Situation: An enrolled MO HealthNet member in Springfield received an unexpected bill from CoxHealth for $1,800 following an outpatient procedure. The patient had been enrolled in MO HealthNet for over a year and the procedure was covered under her plan. The bill cited “billing error — insurance not on file” as the reason for the patient balance.

Patient profile: 42-year-old MO HealthNet enrollee, income at 95% FPL. The hospital had failed to update her Medicaid managed care plan information in their billing system.

Action: She contacted MO HealthNet’s managed care plan directly, obtained written confirmation of her coverage effective date and the procedure’s covered status, and submitted a written dispute to CoxHealth billing with the documentation attached. She also filed a complaint with Missouri DSS.

Result: CoxHealth corrected the billing error, resubmitted the claim to MO HealthNet, and reversed the $1,800 patient charge within 10 business days. Her account was brought to $0 balance. Missouri DSS confirmed the managed care plan had been notified to prevent future billing errors.

Savings: $1,800.

Frequently asked questions

Does Missouri have state surprise billing protections?

Missouri does not have its own state surprise billing law. The federal No Surprises Act (effective January 2022) is the primary protection. It prohibits out-of-network balance billing for emergency services and for non-emergency care at in-network facilities when you did not choose the out-of-network provider. File complaints with the Missouri DCI (573-751-4126) or the CMS No Surprises Help Desk (1-800-985-3059).

Who qualifies for MO HealthNet after the 2021 expansion?

Missouri expanded Medicaid in August 2021. Adults 19–64 qualify at incomes up to 138% FPL — about $21,597 for a single person or $44,367 for a family of four in 2026. Apply at mydss.mo.gov or through a hospital financial counselor.
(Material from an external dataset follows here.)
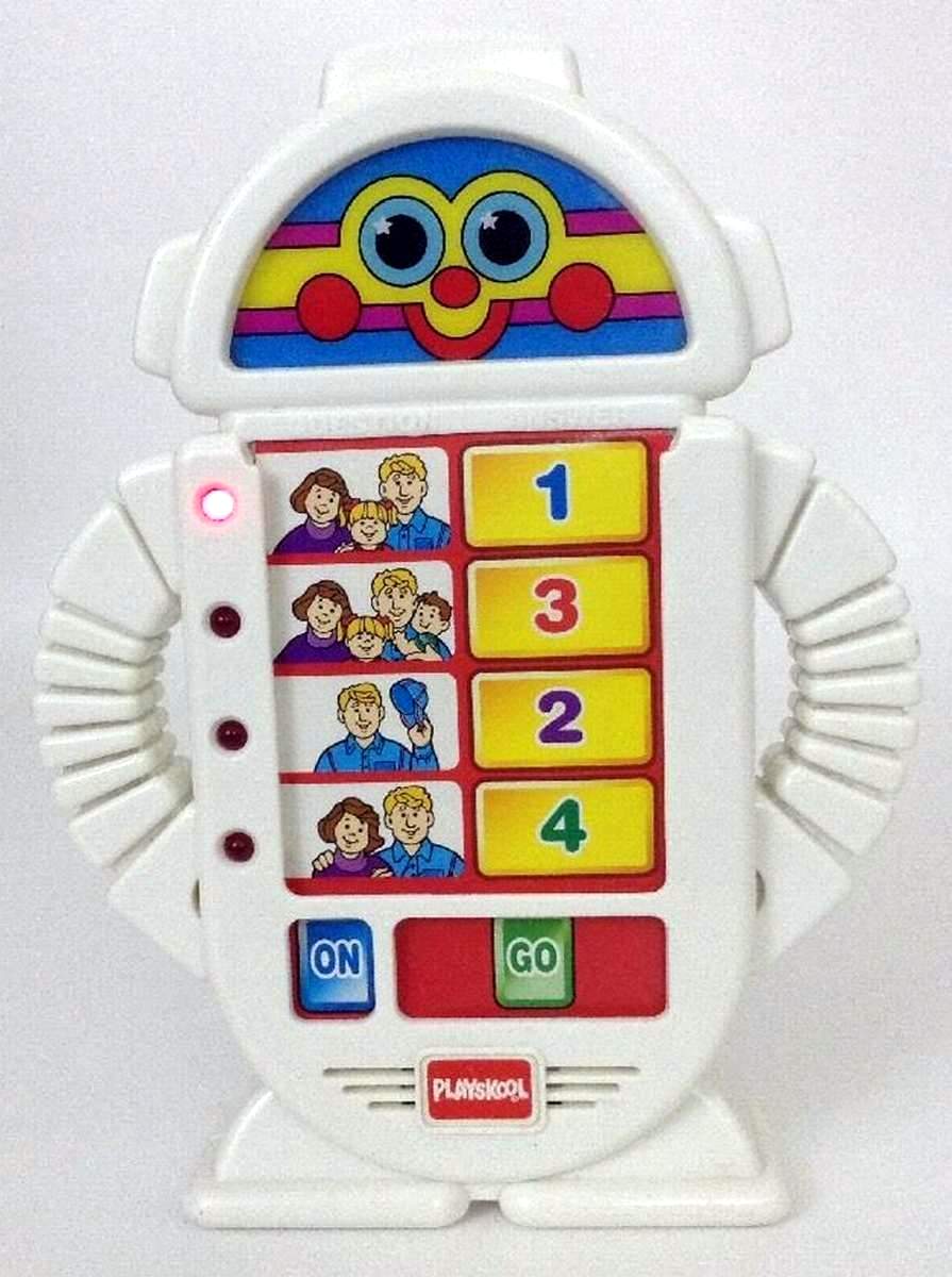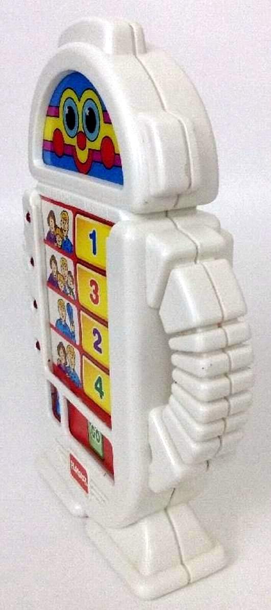 On-The-Go-Alphie ® Robot - "Talking Alphie" The talking alphabet machine, the electronic friend teaches basic learning skills! ; Talking Alphie makes learning fun, with a friendly voice that guides children through different activities. Kids learn counting, matching, problem solving, sequencing and more skills as they play. They love to hear Talking Alphie's responses to their answers - happy words for right answers, encouraging words for wrong answers. Talking Alphie also plays familiar melodies, and his smiling, light-up face adds to the fun! He even shuts off all by himself! Alphies faces lights up as he teaches the alphabet.
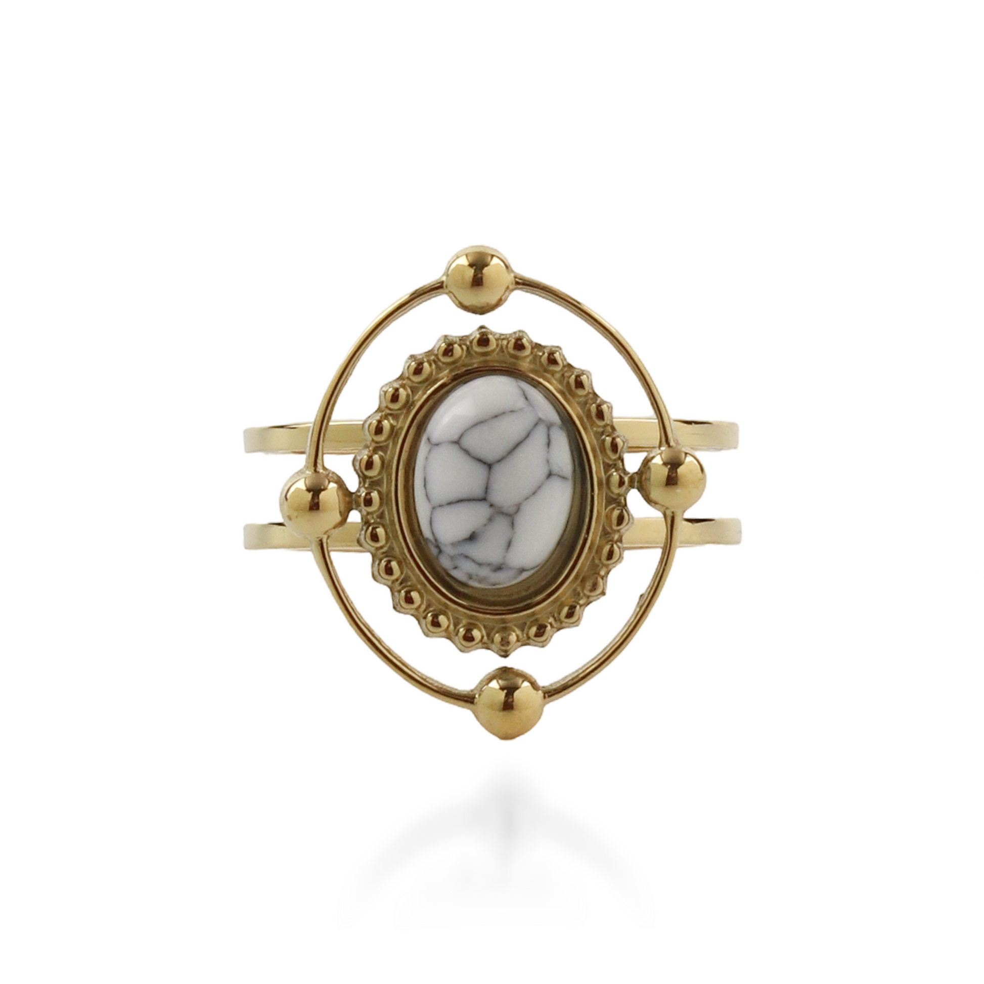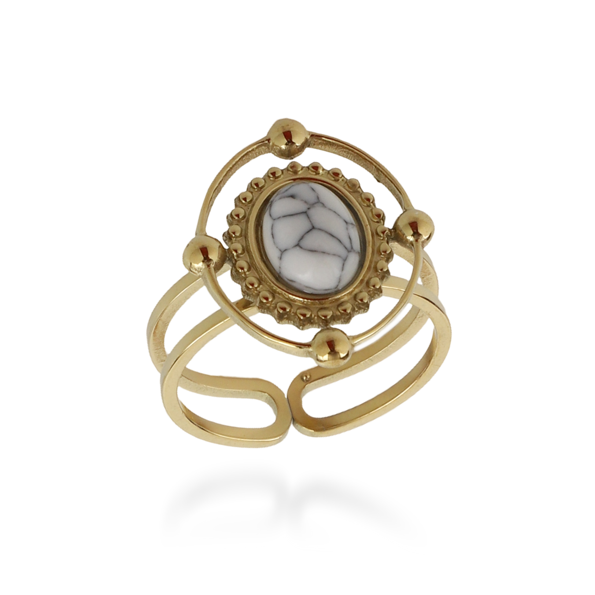 Αναδείξτε τη θηλυκότητα με αυτό το λεπτό γυναικείο δαχτυλίδι από ανοξείδωτο ατσάλι της συλλογής Mar and Mar, σε λαμπερή χρυσή απόχρωση, με οβάλ λευκή πέτρα στο κέντρο που χαρίζει εκλεπτυσμένη λάμψη και κομψό χαρακτήρα. Ο μοντέρνος και κομψός σχεδιασμός του προσφέρει διαχρονικό στυλ σε κάθε εμφάνιση, ενώ η ποιοτική κατασκευή εξασφαλίζει σταθερότητα και μακροχρόνια λάμψη. Ένα λεπτό και εντυπωσιακό κόσμημα που ολοκληρώνει κάθε look με φινέτσα και κομψότητα

Coverage can be retroactive up to 3 months.

Do Missouri nonprofit hospitals have to provide free or reduced-cost care?

Yes. All nonprofit hospitals must comply with IRS 501(r), requiring a written Financial Assistance Policy and application available in the billing office and online. Most Missouri systems offer free care below 200% FPL. Missouri has no income cap on charity care applications — hospitals must consider individual financial circumstances including extraordinary medical expenses, even for higher earners.
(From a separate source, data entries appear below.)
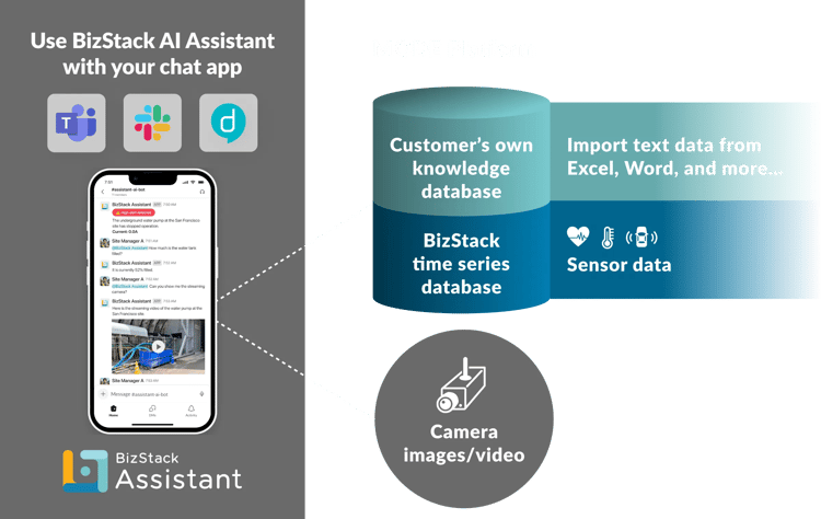 Unlock the power of data with BizStack Assistant, your virtual team member. Seamlessly integrated with collaboration tools like Slack, Microsoft Teams, and Direct, BizStack Assistant empowers users to engage with IoT data using natural language, transforming every worker into a data expert. Gain valuable insights effortlessly and make informed decisions faster.
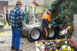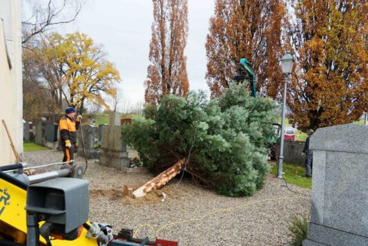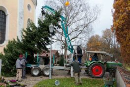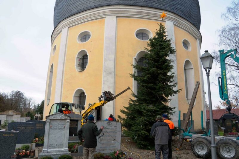 Jetzt war es wieder so weit: Der Christbaum an der Rundkirche St. Johann Baptist und Heilig Kreuz im Rosenheimer Stadtteil Westerndorf am Wasen wurde aufgestellt! Es ist das dritte Jahr, in dem ein Baum den Friedhof ziert – neben den beiden bewährten, geschmückten Bäumen zu Weihnachten am Hochaltar im Inneren der Kirche. Erstmals begonnen damit in der Corona-Zeit, hat sich schon (fast) eine neue Tradition entwickelt.
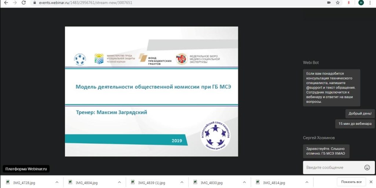 В штатном режиме была представлена презентация о лучших практиках работы ОК по стране. Были получены комментарии о работе ведомства и непосредственно общественной комиссии. Удалось проработать в режиме интерактива несколько вопросов по подготовке заседаний. Особенно отметили значимость работы со СМИ в популяризации просвещения жителей региона о работе органов МСЭ и правилах работы ведомства.
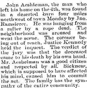 1914 "John Ashelman, who has been visiting his uncle, John Ramseier Sr., and family returned to his home in Denver Monday."
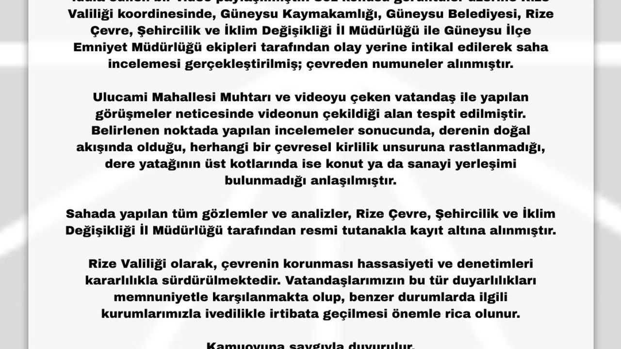 Rize Valiliği de konuya ilişkin yazılı açıklama yaptı. Açıklamada, Valilik koordinesinde Güneysu Kaymakamlığı, Güneysu Belediyesi, Çevre, Şehircilik ve İklim Değişikliği İl Müdürlüğü ile Güneysu İlçe Emniyet Müdürlüğü ekipleri tarafından olay yerinde saha incelemesi gerçekleştirildiği bildirildi. Sudan alınan numunelerin incelendiği belirtilen açıklamada şunlar kaydedildi: "Çevreden numuneler alınmıştır. Ulucami Mahallesi muhtarı ve videoyu çeken vatandaş ile yapılan görüşmeler neticesinde videonun çekildiği alan tespit edilmiştir. Belirlenen noktada yapılan incelemeler sonucunda derenin doğal akışında olduğu, herhangi bir çevresel kirlilik unsuruna rastlanmadığı, dere yatağının üst kotlarında ise konut ya da sanayi yerleşimi bulunmadığı anlaşılmıştır. Sahada yapılan tüm gözlemler ve analizler Çevre, Şehircilik ve İklim Değişikliği İl Müdürlüğü tarafından resmi tutanakla kayıt altına alınmıştır. Vatandaşlarımızın bu tür duyarlılıkları memnuniyetle karşılanmakta olup, benzer durumlarda ilgili kurumlarımızla ivedilikle irtibata geçilmesi önemle rica olunur." (DHA)
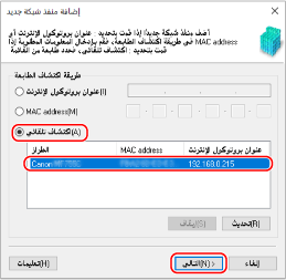حدد [اكتشاف تلقائي]، وحدد الجهاز عندما يظهر، ثم انقر فوق [التالي].

How do I dispute a bill with BJC HealthCare or Mercy in Missouri?

Request an itemized bill in writing, then compare each charge to Medicare rates using our free calculator. Apply for the hospital’s financial assistance program before disputing — it may eliminate the bill entirely. Send a written dispute identifying specific overcharges with Medicare rate comparisons. Escalate to the Missouri DCI or Missouri AG if the hospital does not respond within 30 days.

What is the statute of limitations on medical debt in Missouri?

Missouri has a 10-year statute of limitations for written contracts (RSMo 516.110) — which covers most hospital bills where you signed a financial responsibility form. For open accounts, the SOL is 5 years (RSMo 516.120). After the SOL expires, collectors cannot win a lawsuit against you. Making any payment may reset the clock, so verify the SOL before paying old medical debt.